- Opening Delimiter -

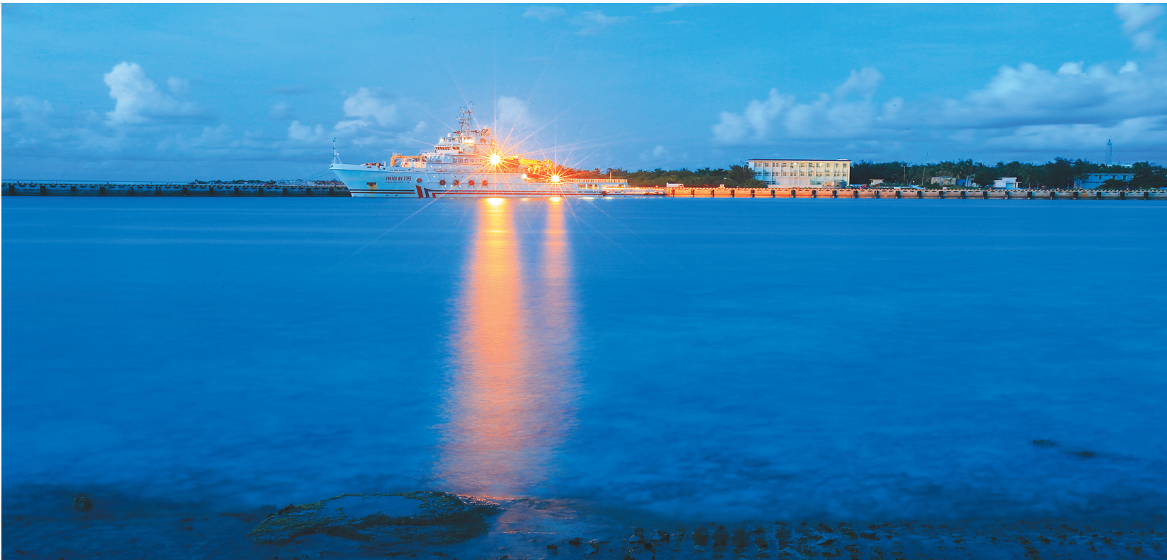
三沙永兴岛综合码头。

参加全国两会13年,历任十届、十一届、十二届全国人大代表,从事国家海洋战略研究的我省全国人大代表高之国动情地说,“13年来关注海洋,今年政府工作报告对海洋的表述是最系统完整和最有力度的一次!” 推进国家海洋强国战略的历史浪涛,澎湃着我省全国人大代表和政协委员们的心潮。 李克强总理在《政府工作报告》中指明:我国是海洋大国,要编制实施海洋战略规划,发展海洋经济,保护海洋生态环境,提高海洋科技水平,加强海洋综合管理,坚决维护国家海洋权益,妥善处理海上纠纷,积极拓展双边和多边海洋合作,向海洋强国的目标迈进。 向深蓝进发的号角吹响,代表委员们热议呼吁,正确审视并积极利用好南海现有资源,在大力发展海洋经济和调整海洋产业结构上狠下工夫,为海南海洋强省战略持续发力。
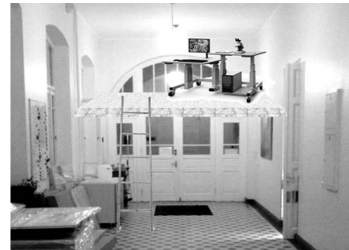
Selline näeb peatselt välja geneetikakeskuse teise korruse koridor, kuhu lae alla on ehitatud uus tsütogeneetiku töökoht vajaliku mikroskoobi ja arvutiga. Nagu ka pildilt näha, on ehitus juba alanud.

Kus aga häda kõige suu- rem, seal abi kõige lähem. Nii tuldigi mõttele, et töökohti saab kergesti juurde tekitada, kui ära kasutada vana maja kõrgeid ruume ning viia uute töötajate lauad, mikroskoobid ja muud seadmed sõna otse- ses mõttes lae alla. Ruumi
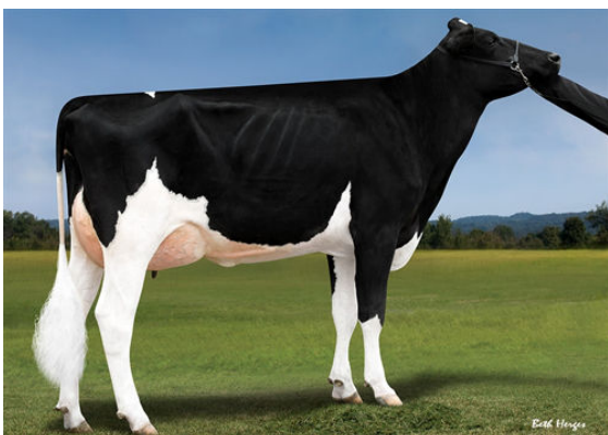
PROGENESIS MONTANA GALATEA
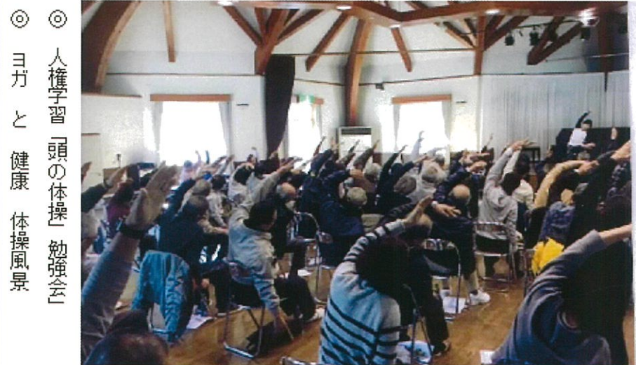
◎ ◎ 人権学習「頭の体操」勉強会 ◎ ◎ ヨガと健康 体操風景

- Closing Delimiter -

== Exercise objective ==
Select from the material above each line in which the string "alla" appears, and list those lines.

== Response box ==
Selline näeb peatselt välja geneetikakeskuse teise korruse koridor, kuhu lae alla on ehitatud uus tsütogeneetiku töökoht vajaliku mikroskoobi ja arvutiga. Nagu ka pildilt näha, on ehitus juba alanud.
Kus aga häda kõige suu- rem, seal abi kõige lähem. Nii tuldigi mõttele, et töökohti saab kergesti juurde tekitada, kui ära kasutada vana maja kõrgeid ruume ning viia uute töötajate lauad, mikroskoobid ja muud seadmed sõna otse- ses mõttes lae alla. Ruumi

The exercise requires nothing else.